Wherever an image appears in the entries, drop it and reproduce everything else exactly.
===== MATERIAL PROVIDED =====
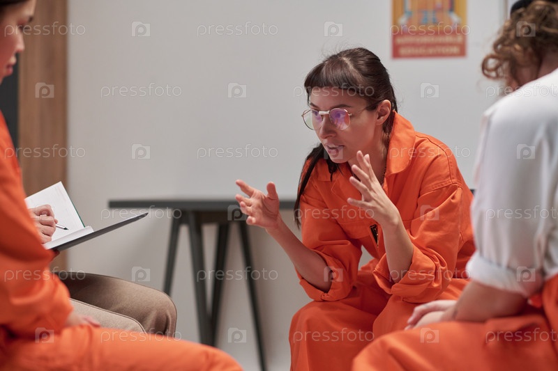 Молодая женщина-узница объясняет проблему во время сеанса тюремной терапии
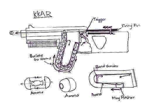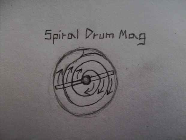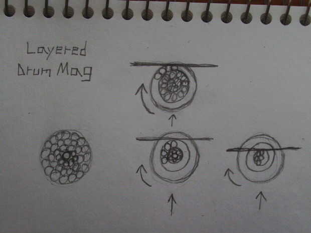 11A11: capas tambor Mag: un tambor mag con múltiples capas que llenan todo el espacio dentro del tambor que gira con un elástico y es empujado hacia arriba por un elástico. Cuando la capa externa se vacía de rondas, el tambor se mueve hacia arriba y la capa siguiente vaciado. Este cambio de capa se lograría haciendo las rondas presiona hacia arriba contra una superficie plana de la pistola. -por Oblivitus
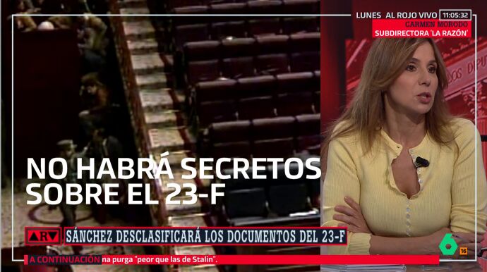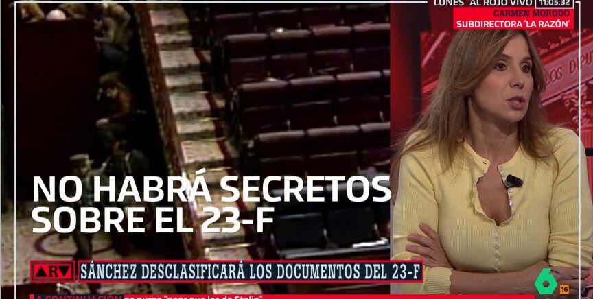 Carmen Morodo, subdirectora de 'La Razón', en Al Rojo Vivo, ha calificado como una "buena noticia" el anuncio de Pedro Sánchez de que el Gobierno desclasificará este martes los documentos del intento de golpe de Estado del 23-F, con el objetivo de "saldar una deuda histórica con la ciudadanía".
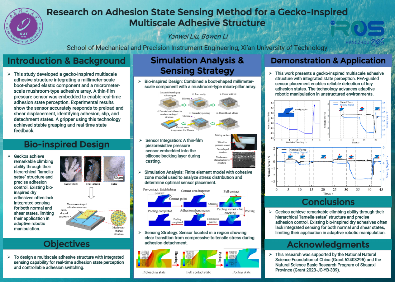 2025年10月20日至24日,机械工程学院教师刘彦伟与研究生李博文赴杭州参加了2025 IEEE/RSJ智能机器人与系统国际会议(IROS 2025)。作为机器人研究领域的顶级学术盛会,本届IROS共吸引了全球逾8000名学者与学生齐聚一堂,共探机器人前沿科技。
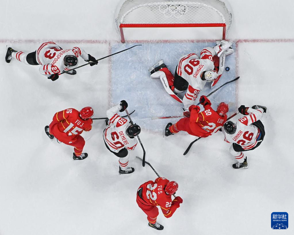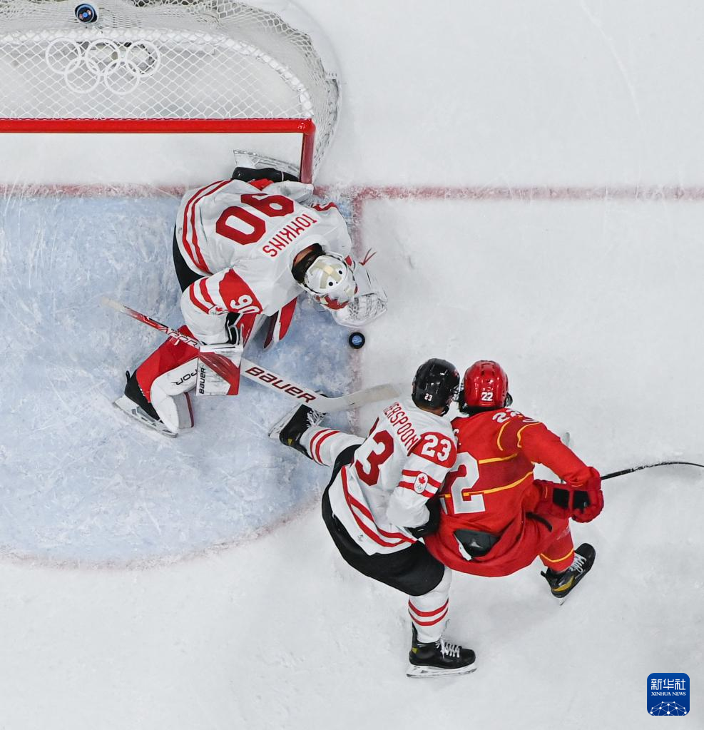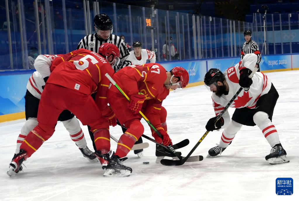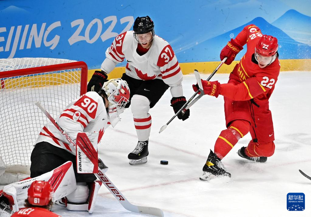 Athletes vie for the puck during the ice hockey men's preliminary round Group A match between China and Canada at National Indoor Stadium in Beijing, capital of China, Feb. 13, 2022. (Xinhua/Li Ziheng)
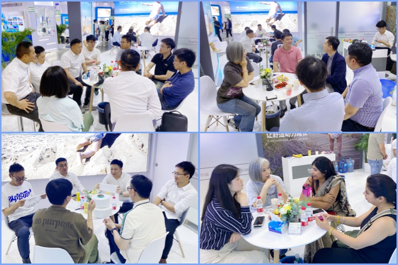 展會(huì)現(xiàn)場(chǎng),工作人員向前來咨詢交流的國(guó)內(nèi)外知名采購商和觀眾,詳細(xì)介紹了產(chǎn)品的特點(diǎn)以及應(yīng)用方向。憑借著優(yōu)越的產(chǎn)品品質(zhì)、專業(yè)的技術(shù)服務(wù),華峰化學(xué)展位前觀眾絡(luò)繹不絕,人氣爆棚。
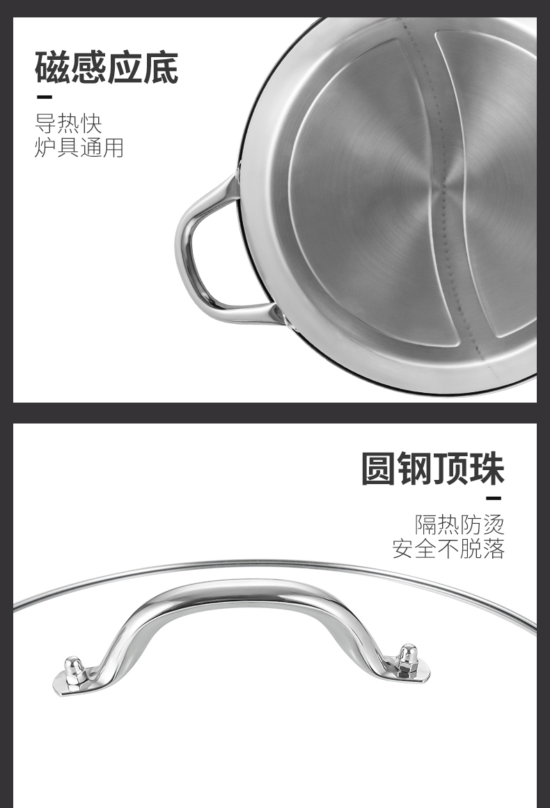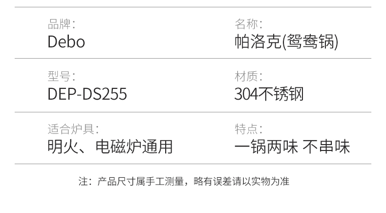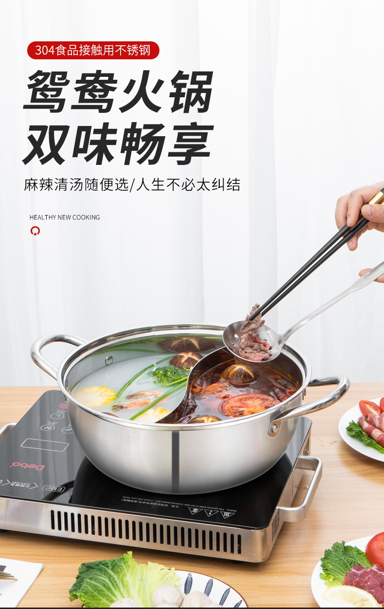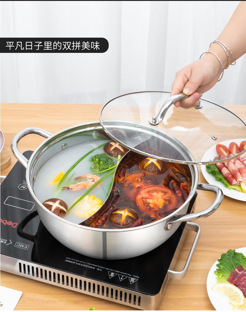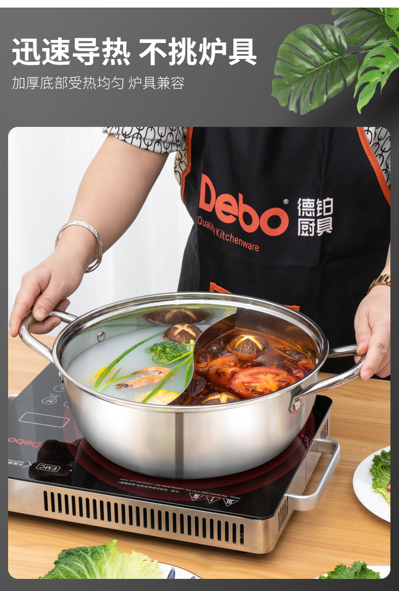 Debo德铂-帕洛克鸳鸯火锅4.5L 麻辣清汤随便选 分格不串味(配玻璃锅盖、汤勺、 漏勺)
=====
THE ANSWER –
 Молодая женщина-узница объясняет проблему во время сеанса тюремной терапии
 11A11: capas tambor Mag: un tambor mag con múltiples capas que llenan todo el espacio dentro del tambor que gira con un elástico y es empujado hacia arriba por un elástico. Cuando la capa externa se vacía de rondas, el tambor se mueve hacia arriba y la capa siguiente vaciado. Este cambio de capa se lograría haciendo las rondas presiona hacia arriba contra una superficie plana de la pistola. -por Oblivitus
 Carmen Morodo, subdirectora de 'La Razón', en Al Rojo Vivo, ha calificado como una "buena noticia" el anuncio de Pedro Sánchez de que el Gobierno desclasificará este martes los documentos del intento de golpe de Estado del 23-F, con el objetivo de "saldar una deuda histórica con la ciudadanía".
 2025年10月20日至24日,机械工程学院教师刘彦伟与研究生李博文赴杭州参加了2025 IEEE/RSJ智能机器人与系统国际会议(IROS 2025)。作为机器人研究领域的顶级学术盛会,本届IROS共吸引了全球逾8000名学者与学生齐聚一堂,共探机器人前沿科技。
 Athletes vie for the puck during the ice hockey men's preliminary round Group A match between China and Canada at National Indoor Stadium in Beijing, capital of China, Feb. 13, 2022. (Xinhua/Li Ziheng)
 展會(huì)現(xiàn)場(chǎng),工作人員向前來咨詢交流的國(guó)內(nèi)外知名采購商和觀眾,詳細(xì)介紹了產(chǎn)品的特點(diǎn)以及應(yīng)用方向。憑借著優(yōu)越的產(chǎn)品品質(zhì)、專業(yè)的技術(shù)服務(wù),華峰化學(xué)展位前觀眾絡(luò)繹不絕,人氣爆棚。
 Debo德铂-帕洛克鸳鸯火锅4.5L 麻辣清汤随便选 分格不串味(配玻璃锅盖、汤勺、 漏勺)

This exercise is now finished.